[ASSIGNMENT] What you return must match the data below exactly, minus any pictures.

[DATASET EXCERPT]
======

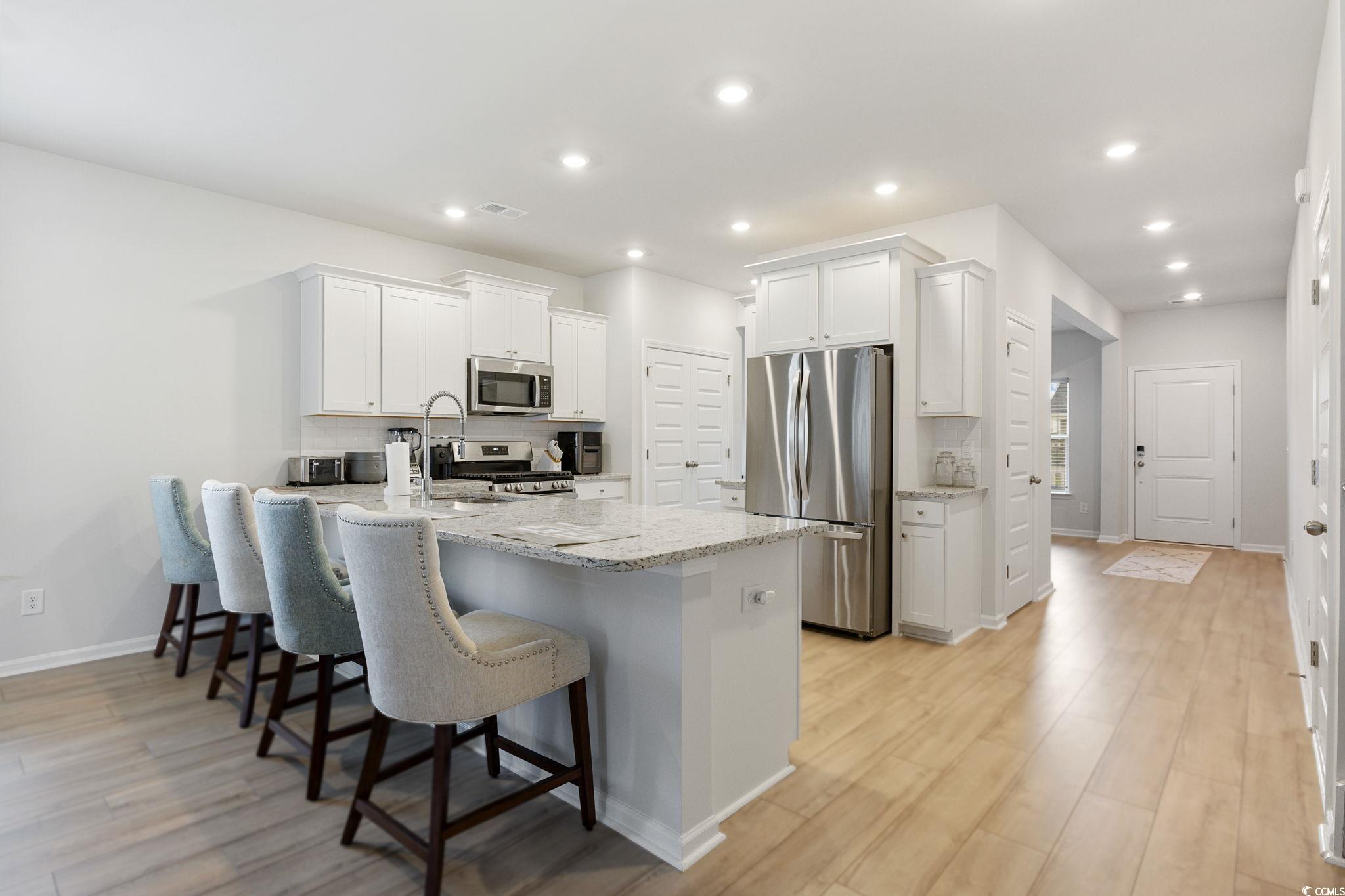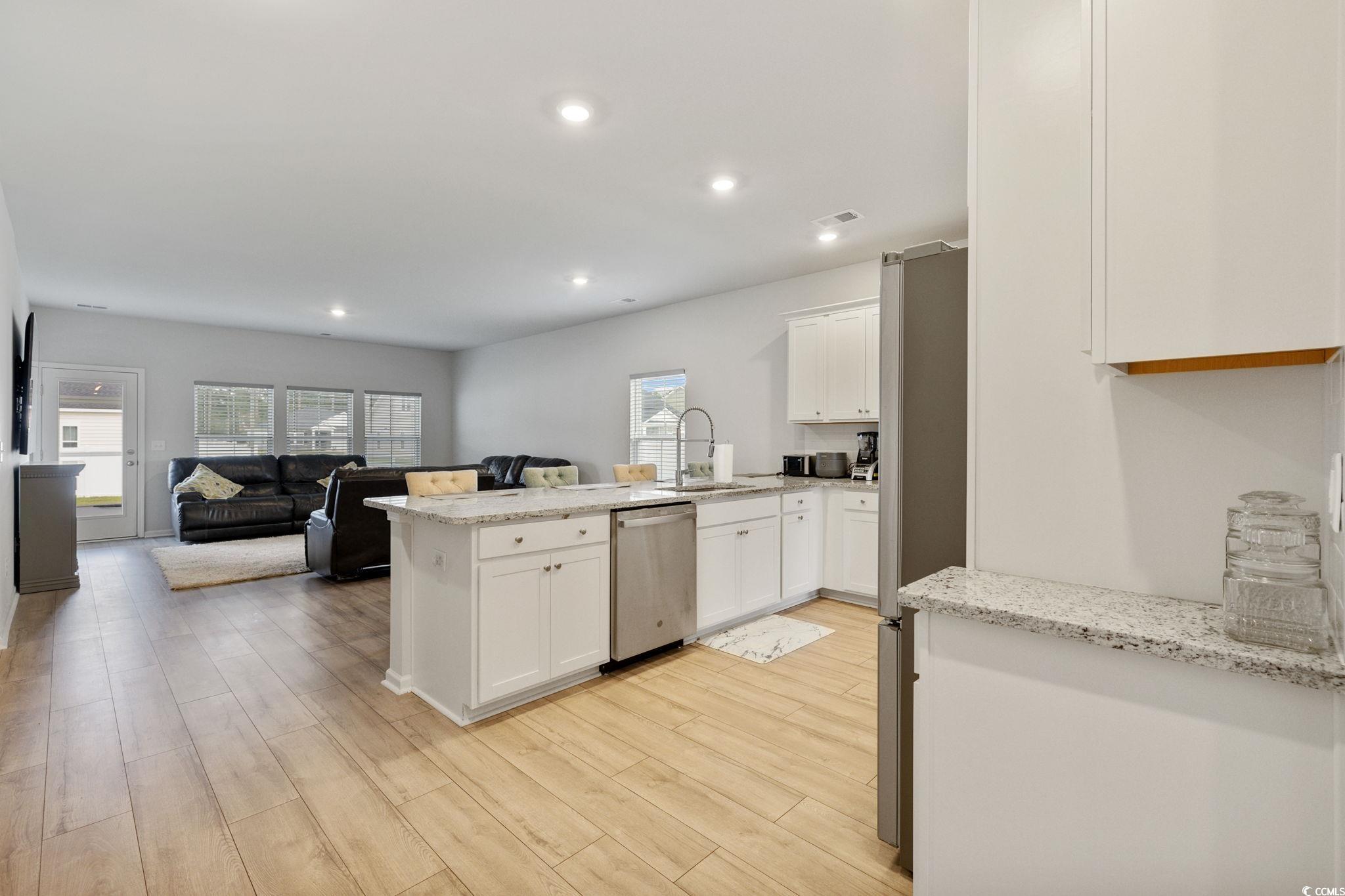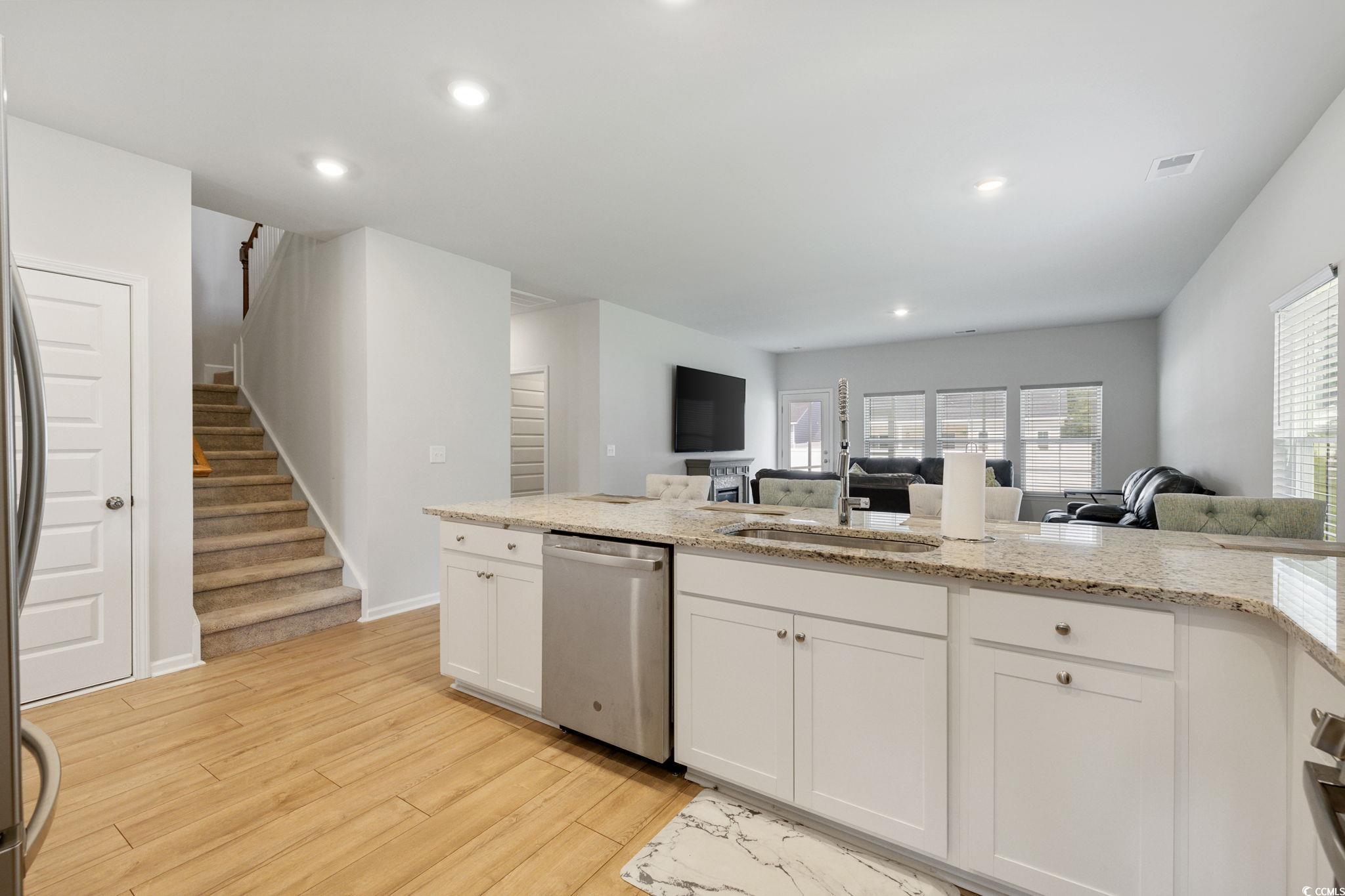Built in 2023 and lightly lived in, this spacious 5BR/3.5BA Lennar Kinston model offers 2,449 heated sq ft of open living space in a prime Myrtle Beach location near Hwy 501, 31 & Tanger Outlets. The main floor features a bright kitchen with granite countertops, stainless steel appliances, and a large island that flows into a cozy family room and dining space. Owner’s suite on the main level + 4 bedrooms upstairs, including a generous guest suite with private bath. Enjoy double front porches and a covered back patio. Located just minutes to the beach, dining, golf & shopping!
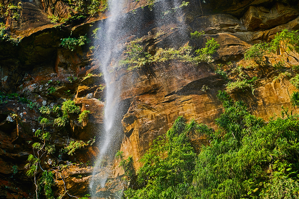 沖縄県で最大の落差を誇る滝ですから、最初は広角で滝全体を収めようと考え試行錯誤したのですが、流れ落ちる水が岩肌に当たっては砕け弾ける様と岩肌の質感を見ている内に考えが変わり、望遠レンズに付け変え、自分が感銘した要素にフォーカスすることにしました。結果として、ほとばしる滝の水滴、岩肌の立体感、私が感銘を受けたポイントを克明に描写してくれ、この構図で追い込んで良かったと思いました。
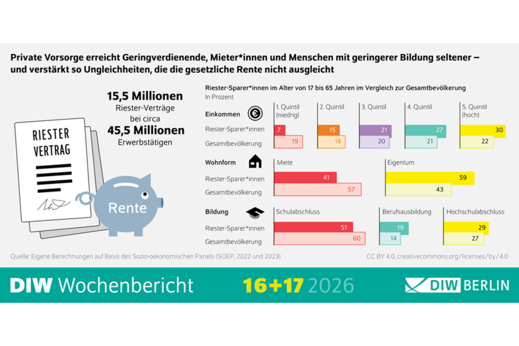 „Wir wissen aus der Forschung, dass freiwillige Systeme zur zusätzlichen Altersvorsorge nicht die erforderliche Verbreitung erreichen, weil vor allem diejenigen vorsorgen, die ohnehin über ausreichende Ressourcen verfügen“, sagt DIW-Rentenexperte Johannes Geyer. Auch die neue Ausgestaltung der Förderung sei kritisch zu sehen, da sie tendenziell Haushalte mit höheren Einkommen begünstige. „Die Förderung hängt stark davon ab, wie viel eingezahlt wird – dadurch profitieren Menschen mit höherem Einkommen überproportional“, so Geyer.
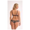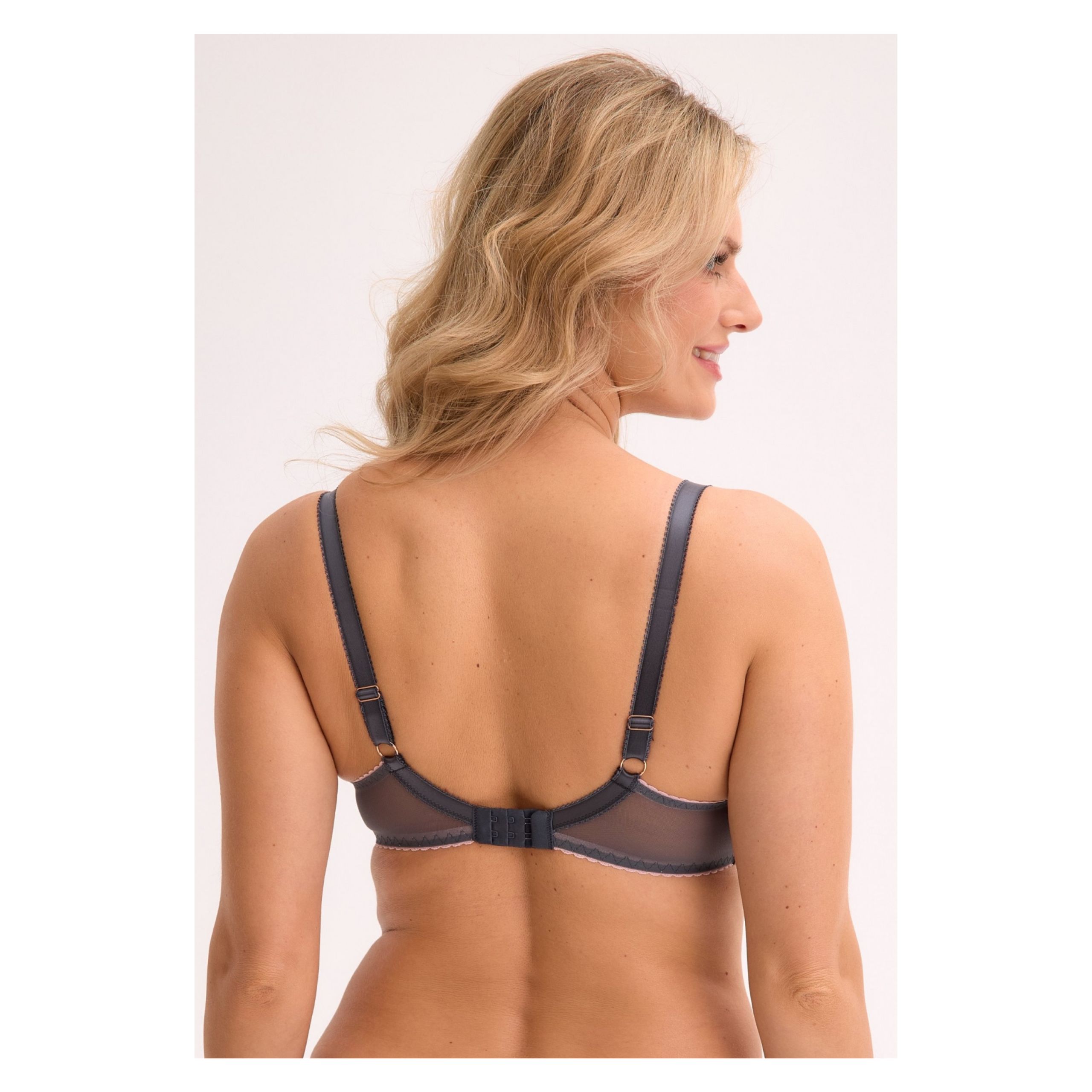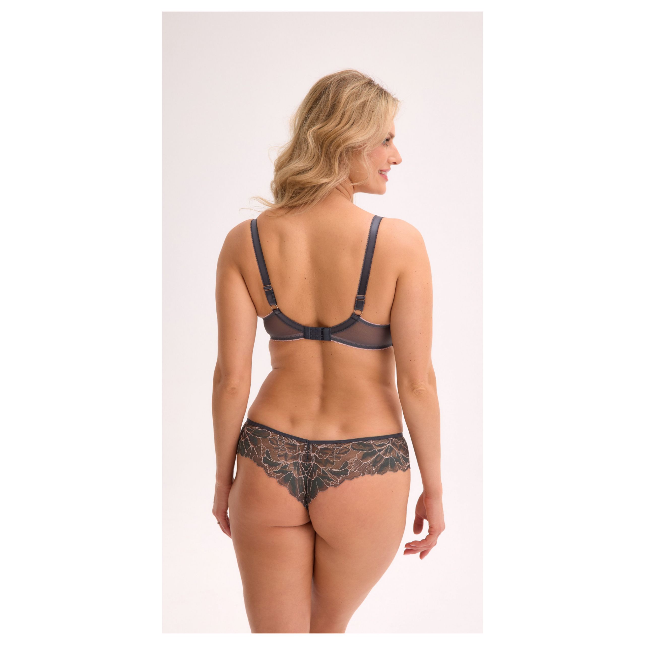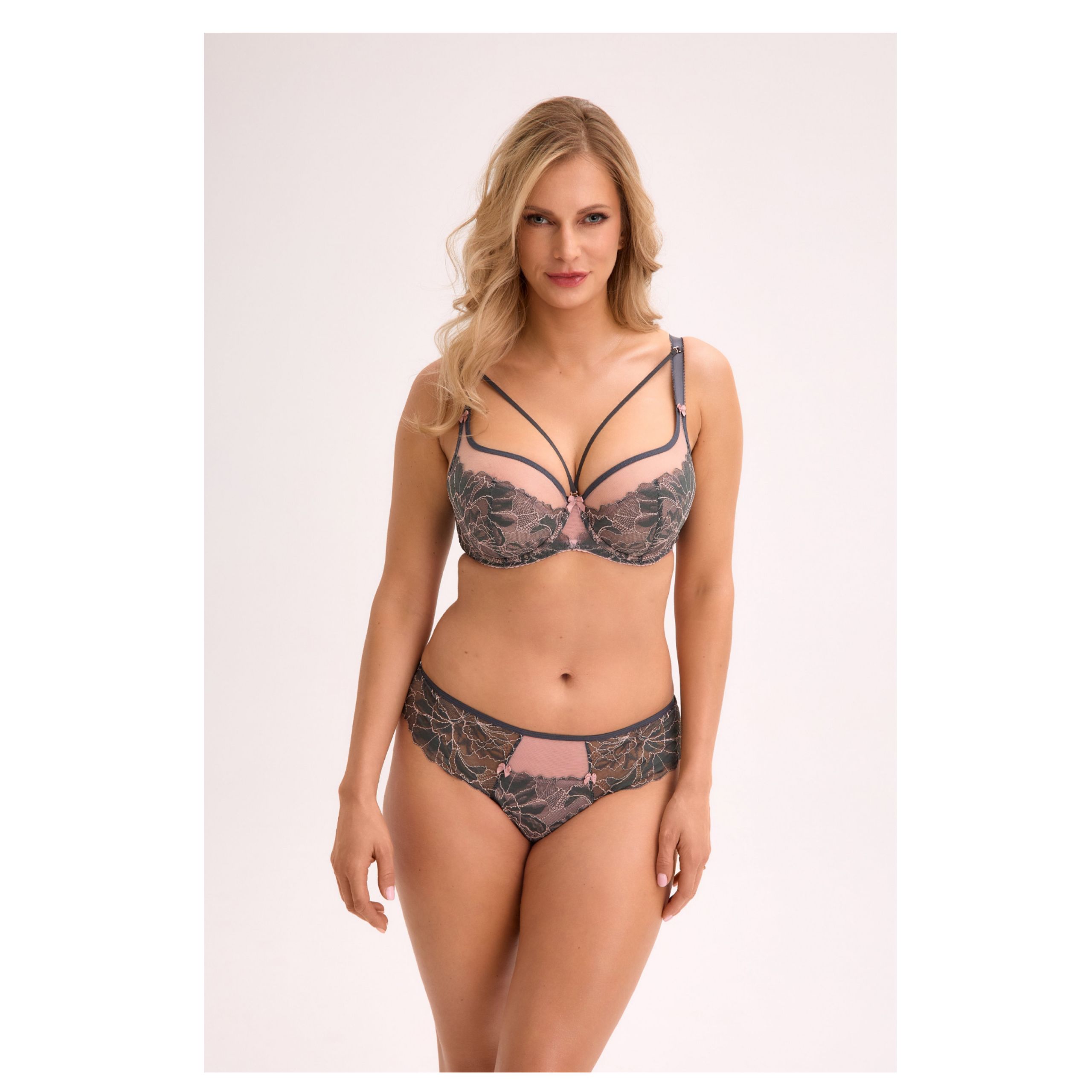 Delikatna grafitowa koronka, subtelny różowy akcent, tiul i ozdobne odpinane paski tworzą zmysłową, ale i funkcjonalną całość.

======

[RESULT FOR THIS EXERCISE]
Built in 2023 and lightly lived in, this spacious 5BR/3.5BA Lennar Kinston model offers 2,449 heated sq ft of open living space in a prime Myrtle Beach location near Hwy 501, 31 & Tanger Outlets. The main floor features a bright kitchen with granite countertops, stainless steel appliances, and a large island that flows into a cozy family room and dining space. Owner’s suite on the main level + 4 bedrooms upstairs, including a generous guest suite with private bath. Enjoy double front porches and a covered back patio. Located just minutes to the beach, dining, golf & shopping!
 沖縄県で最大の落差を誇る滝ですから、最初は広角で滝全体を収めようと考え試行錯誤したのですが、流れ落ちる水が岩肌に当たっては砕け弾ける様と岩肌の質感を見ている内に考えが変わり、望遠レンズに付け変え、自分が感銘した要素にフォーカスすることにしました。結果として、ほとばしる滝の水滴、岩肌の立体感、私が感銘を受けたポイントを克明に描写してくれ、この構図で追い込んで良かったと思いました。
 „Wir wissen aus der Forschung, dass freiwillige Systeme zur zusätzlichen Altersvorsorge nicht die erforderliche Verbreitung erreichen, weil vor allem diejenigen vorsorgen, die ohnehin über ausreichende Ressourcen verfügen“, sagt DIW-Rentenexperte Johannes Geyer. Auch die neue Ausgestaltung der Förderung sei kritisch zu sehen, da sie tendenziell Haushalte mit höheren Einkommen begünstige. „Die Förderung hängt stark davon ab, wie viel eingezahlt wird – dadurch profitieren Menschen mit höherem Einkommen überproportional“, so Geyer.
 Delikatna grafitowa koronka, subtelny różowy akcent, tiul i ozdobne odpinane paski tworzą zmysłową, ale i funkcjonalną całość.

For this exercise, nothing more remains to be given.